FIGS. 2A and 2B show a procedure for press-fitting a covered wire into a terminal to which a press-fitting structure of a covered wire according to the present invention is applied, and FIG. 2A is a front view showing a state where the covered wire is placed on a press-fitting slit;
Is a front view showing a state in which a covered portion of the covered wire is cut by inserting a covered wire between the inclined introduction wall portions, (c) is a front view showing a state in which a core portion is pressed into a press-fitting slit, and (c) is a front view.
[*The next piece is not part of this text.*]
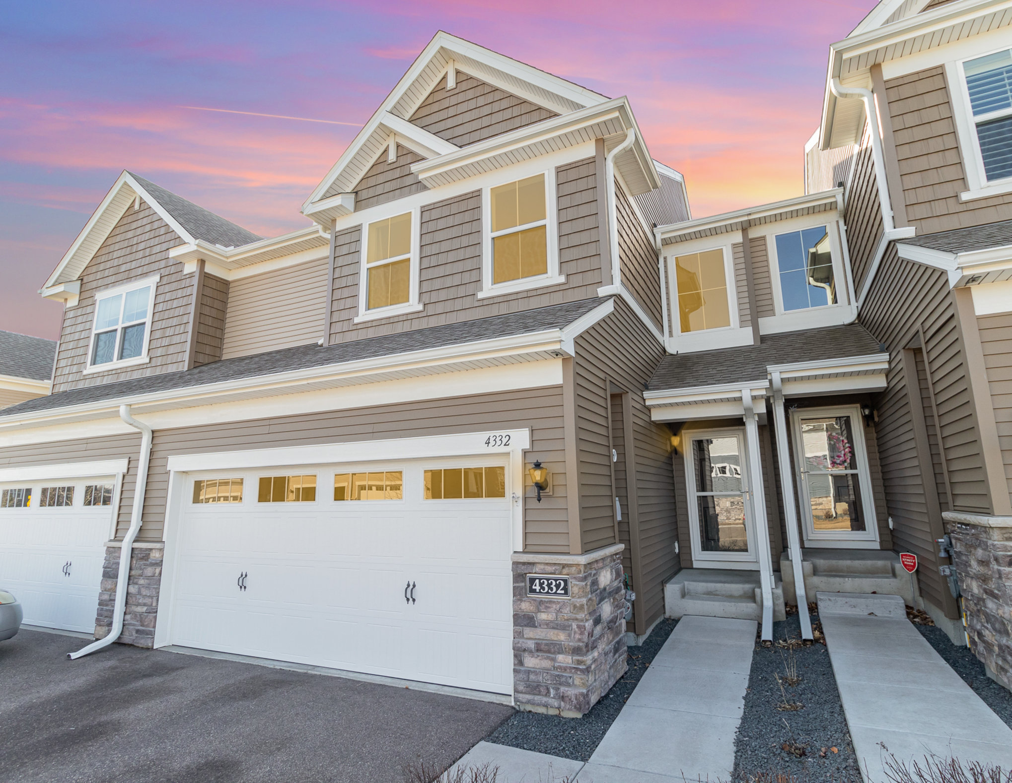 A wonderful south facing townhouse, the large windows provide a bright & warm main level. The cozy gas fireplace nicely warms the main level on cold winter days. The open design of the main level has a wonderful kitchen which features a convenient breakfast bar for quick meals & an informal dining room for dinners with family and friends. The south facing deck has stairs to the yard, very convenient for pets and kids. The upper level features a huge owners suite with an upgraded private bath and a big walk-in closet. There are 2 additional bedrooms on this level, perfect for a home office or craft room. The laundry is on the upper level too. The lower level is unfinished and provides room to grow and add equity. There is room for a family room, bedroom & future bath. The unit has plenty of storage throughout. The location of the home is ideal, walk to the grocery store or the Bielenberg sports complex, easy access to 494 and Hwy 61. There are plenty of walking/biking paths nearby too.  Contact Rob Brown for more information at 612-867-8481

It is a front view showing the state where a covered electric wire was finally press-fitted in the press-fitting slit.

FIG. 3 is a diagram showing a change in electric wire insertion force with respect to an insertion stroke.

FIG. 4 is a diagram showing a change in terminal contact load with respect to an insertion stroke.

FIG. 5 is a front view showing a terminal board of another embodiment in which the inclined introduction wall is formed in two stages.

FIG. 6 is a front view showing a terminal plate according to another embodiment in which an inclined introduction wall portion is formed in four stages.

FIG. 7 shows a conventional pressure contact terminal, (a) is a front view,
(B) is a side view, and (c) is a rear view.

[Explanation of symbols]

 12, 21, 25 Terminal plate 13 Pressure contact slit 14a, 14b Inner wall 15a, 15b Inclined introduction wall 16 Insulated wire 17 Covered portion 18 Core line 22a, 22b Inclined introduction wall 23a, 23b First inclined introduction wall 24a, 24b Second inclined introduction wall 26a, 26b Inclined introduction wall 27a, 27b First inclined introduction wall 28a, 28b Second inclined introduction wall 29a, 29b Third inclined introduction wall 30a, 30b Fourth Inclined wall

Claims (3)

[Claims] 1. A pressure contact slit which is provided at an outer peripheral end of a terminal plate made of a conductive plate material and is provided through both sides of the terminal plate, and in which a covered electric wire is inserted along a penetrating direction, and a pressure contact slit facing the pressure contact slit. And a pair of inclined introduction walls, each of which is continuous with the inner wall to be extended toward the outer peripheral end of the terminal plate to form the opening, and through which the covered electric wire is introduced into the press-fitting slit. Wherein the introduction angle formed by the pair of inclined introduction walls is set to not less than 20 degrees and not more than 60 degrees. 2. The invention according to claim 1, wherein the angle formed by the pair of inclined introduction walls is stepwise continuously from the inner wall side to the opening side of the press contact slit in a range of 20 degrees or more and 60 degrees or less. A press-fitting structure for a covered electric wire, comprising a plurality of changing inclined introduction walls. 3. The pressure-welded structure for a covered electric wire according to claim 2, wherein a continuous portion of the plurality of inclined introduction wall portions is formed continuously in an arc shape.